### PROVIDED DATA
▼
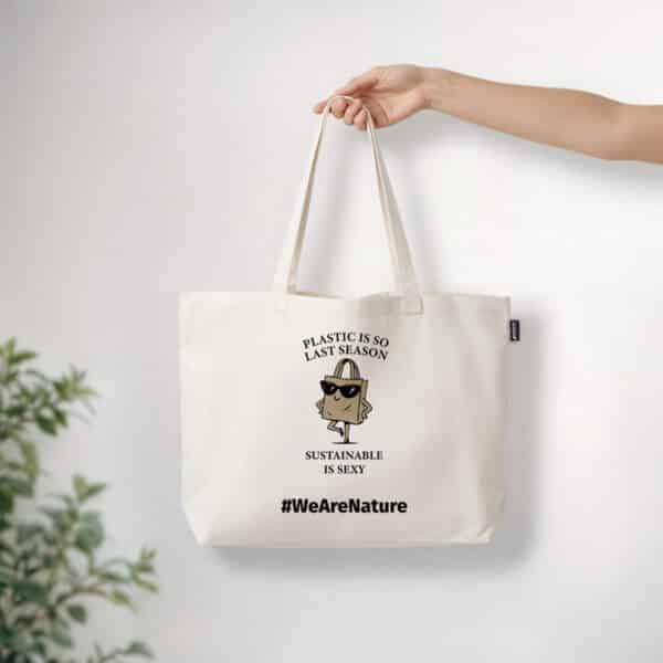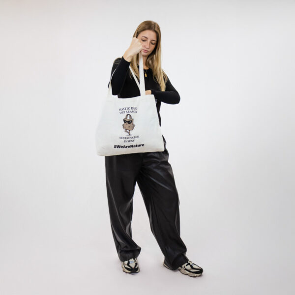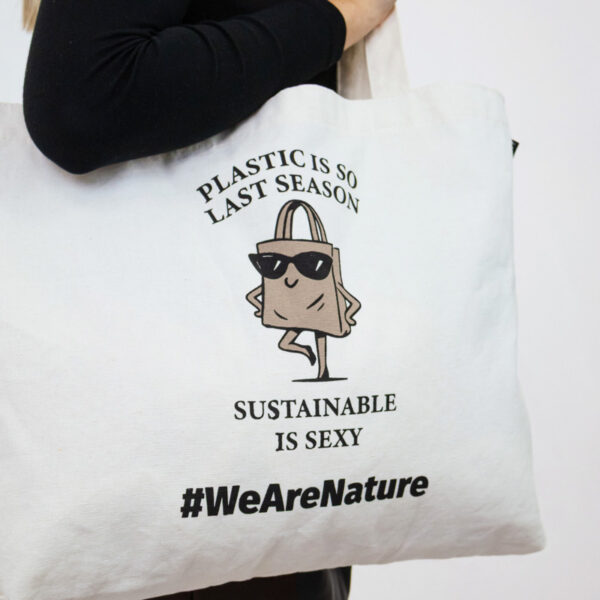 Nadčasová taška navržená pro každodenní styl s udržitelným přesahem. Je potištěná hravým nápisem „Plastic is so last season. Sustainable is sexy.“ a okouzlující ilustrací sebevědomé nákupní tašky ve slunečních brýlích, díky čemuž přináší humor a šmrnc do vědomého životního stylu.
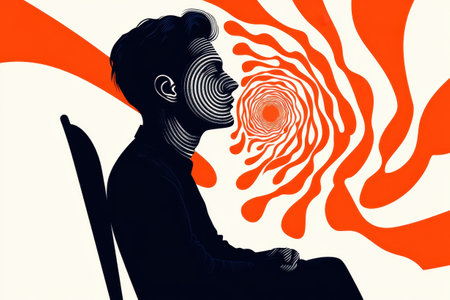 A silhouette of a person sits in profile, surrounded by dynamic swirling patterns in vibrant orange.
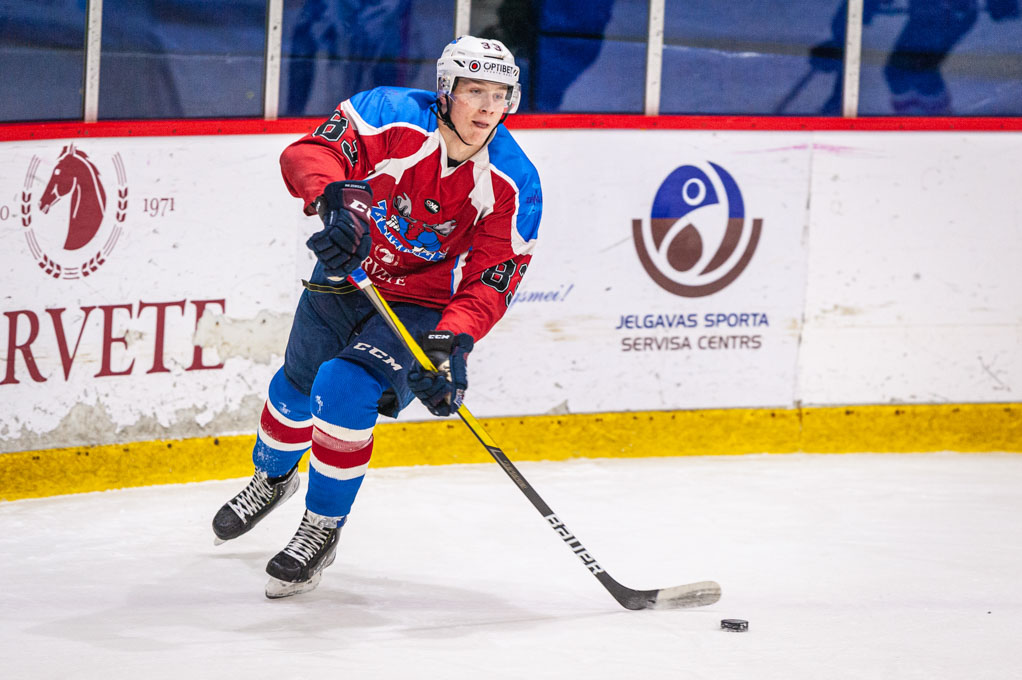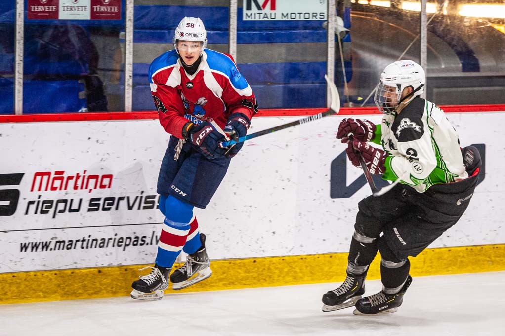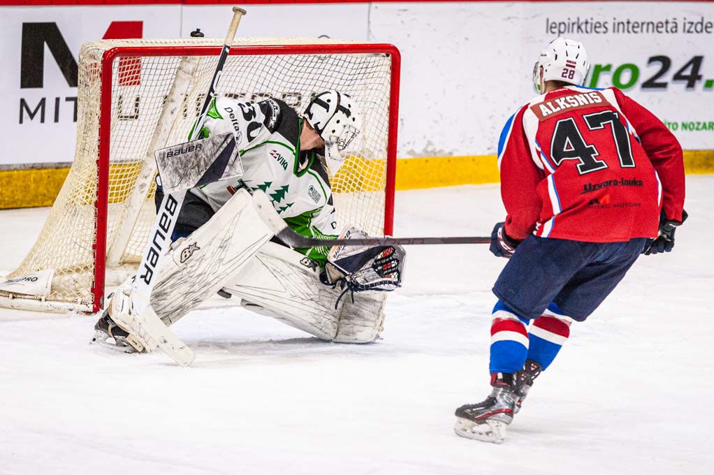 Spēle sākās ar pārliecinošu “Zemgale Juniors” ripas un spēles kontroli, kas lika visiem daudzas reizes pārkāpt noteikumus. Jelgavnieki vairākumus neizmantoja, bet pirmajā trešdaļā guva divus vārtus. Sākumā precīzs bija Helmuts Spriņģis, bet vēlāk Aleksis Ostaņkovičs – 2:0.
▲
Restate the listing word for word and drop the pictures.

### ANSWER FOR THIS EXERCISE
 Nadčasová taška navržená pro každodenní styl s udržitelným přesahem. Je potištěná hravým nápisem „Plastic is so last season. Sustainable is sexy.“ a okouzlující ilustrací sebevědomé nákupní tašky ve slunečních brýlích, díky čemuž přináší humor a šmrnc do vědomého životního stylu.
 A silhouette of a person sits in profile, surrounded by dynamic swirling patterns in vibrant orange.
 Spēle sākās ar pārliecinošu “Zemgale Juniors” ripas un spēles kontroli, kas lika visiem daudzas reizes pārkāpt noteikumus. Jelgavnieki vairākumus neizmantoja, bet pirmajā trešdaļā guva divus vārtus. Sākumā precīzs bija Helmuts Spriņģis, bet vēlāk Aleksis Ostaņkovičs – 2:0.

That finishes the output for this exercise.